The Obama administration has always seemed to have trouble managing even one foreign-policy crisis at a time. But the opening of the next stage of the P5+1 nuclear talks with Iran in the same week that Russia, the West’s nominal partner in trying to negotiate a resolution of the nuclear question with Tehran, is annexing Crimea is posing a particularly difficult dilemma for the administration. After all, President Obama and Secretary of State Kerry have been counting on Moscow to back up the West’s efforts to get the Iranians to give up their quest for nuclear weapons or at least not to sabotage either the talks or the sanctions on the Islamist regime. But with the U.S. and the European Union contemplating sanctions to punish the Putin government for its aggression against Ukraine, how can they possibly expect the Russians to act as partners in an effort to pressure Iran in the exact same manner?

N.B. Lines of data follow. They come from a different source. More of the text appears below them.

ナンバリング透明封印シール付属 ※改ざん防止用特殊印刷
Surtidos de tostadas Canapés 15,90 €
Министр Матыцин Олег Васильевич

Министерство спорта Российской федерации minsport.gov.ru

Those worries are the conceit of a story in today’s New York Times in which an anonymous “senior American official” could do no better than to express the “hope” that the defiant Russians would not “put these negotiations at risk.” But the problem with the administration’s approach to the Iran talks goes deeper than merely it being bad luck that the Ukraine crisis has happened at just the moment when the president was hoping to swing a deal with Tehran. Even in the best of times, Russia’s equivocal attitude toward pressuring Iran was always a liability to the Western negotiators. But the open breach between Russia and the West over its seizure of Crimea makes an agreement that would actually prevent Iran from getting a bomb in the long run even more unlikely than it was before. Rather than re-evaluate an approach that was already rooted in weakness, the president and Kerry are apparently determined to stick with a losing hand. If Iran’s negotiators weren’t already confident about their ability to take Obama to the cleaners in the talks, they are now.

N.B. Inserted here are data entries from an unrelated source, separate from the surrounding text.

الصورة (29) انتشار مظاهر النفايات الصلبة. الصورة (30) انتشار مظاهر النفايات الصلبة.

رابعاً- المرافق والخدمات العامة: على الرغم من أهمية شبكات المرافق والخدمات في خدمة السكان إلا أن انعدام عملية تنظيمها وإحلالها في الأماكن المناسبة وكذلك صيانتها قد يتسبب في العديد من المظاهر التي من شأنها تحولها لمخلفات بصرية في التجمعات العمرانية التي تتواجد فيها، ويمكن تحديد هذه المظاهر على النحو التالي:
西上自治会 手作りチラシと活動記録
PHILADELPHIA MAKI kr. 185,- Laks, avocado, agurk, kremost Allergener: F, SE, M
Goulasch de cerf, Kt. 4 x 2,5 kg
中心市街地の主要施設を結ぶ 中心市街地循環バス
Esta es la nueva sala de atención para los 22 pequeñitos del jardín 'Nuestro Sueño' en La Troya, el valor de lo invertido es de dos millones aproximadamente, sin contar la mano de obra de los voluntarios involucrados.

The presence of Russia and China in the group negotiating with Iran was always Iran’s ace in the hole in the talks. While both countries have expressed their opposition to the prospect of an Iranian bomb, their role in this diplomatic equation was always complicated. Russia has been a major supplier of nuclear technology as well as arms to Iran, including anti-aircraft missiles that would make a strike on their facilities even more difficult. Russia also has an extensive trade relationship with Tehran. Meanwhile China is the ayatollah’s leading trade partner in the vital oil sales that keep the Islamist regime afloat financially. Under the most favorable circumstances for diplomacy, those factors created an even greater conflict of interest than the strong trade ties between America’s European allies and Iran.

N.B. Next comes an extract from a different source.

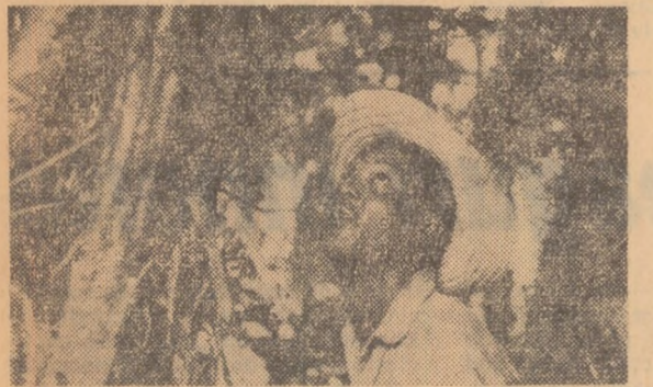
Coubite, film al regizorului cubanez Tomaz Guce. Alea. Este o frescă a vieții dintr-o mică localitate lângă Haiti, unde, cu ani în urmă, oamenii au mizeria și greutate.
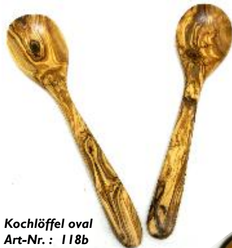
Kochlöffel oval Art-Nr. : 118b

But Russia’s ties with Iran are also connected with Putin’s desire to recreate the old Soviet empire. The Bashar Assad government in Syria, Moscow’s principal Middle East ally, has only been kept in power because of Iran’s intervention in the civil war in that country. Though the Obama administration has always been beguiled by its hopes for a “reset” with Russia, the guiding principle of Moscow’s foreign policy in the Putin era is its desire to expand its influence abroad at America’s expense. Though Putin would rather not see a nuclear-armed Iran on the southern border of the old Soviet Union, his commonality of interests with Tehran always threatened to overshadow any desire on his part to cooperate with Western diplomacy.
However, getting Russia to be part of the international coalition against Iran was always a priority for the administration. In theory, this was a sensible decision since without Russia as well as China sanctions were never going to work against Iran. But Washington’s dependence on them also forced those sanctions to be watered down. It was also part of the reasoning that led Obama to conclude that it was smarter for the West to give up its military and economic leverage over Iran in order to conclude an interim deal that gave Iran far more than it gave up last fall.
All of this means that Iran is in an even stronger position vis-à-vis the West in the talks than the already formidable stance it was able to sustain in earlier rounds of diplomacy. Secure in the knowledge that Russia will never agree to a re-imposition of the sanctions that were dropped in November or impose tougher ones (such as the program Congress is still considering) that would shut down Iran’s oil trade for good, Tehran can simply stand its ground in the talks. That means that if President Obama wants an agreement—and he’s already demonstrated that he’s willing to do just about anything to get out of his promise to stop Iran’s nuclear quest—he’s going to have to let Tehran keep its nuclear program and give up the sanctions.
But those inclined to blame Obama’s weak position on Iran on bad luck, bad timing, or Russian aggression are mistaken. The diplomatic path chosen by the administration was always dependent on Russian goodwill that was never likely to be forthcoming. The flaws in the P5+1 formula were already there long before Putin seized Crimea.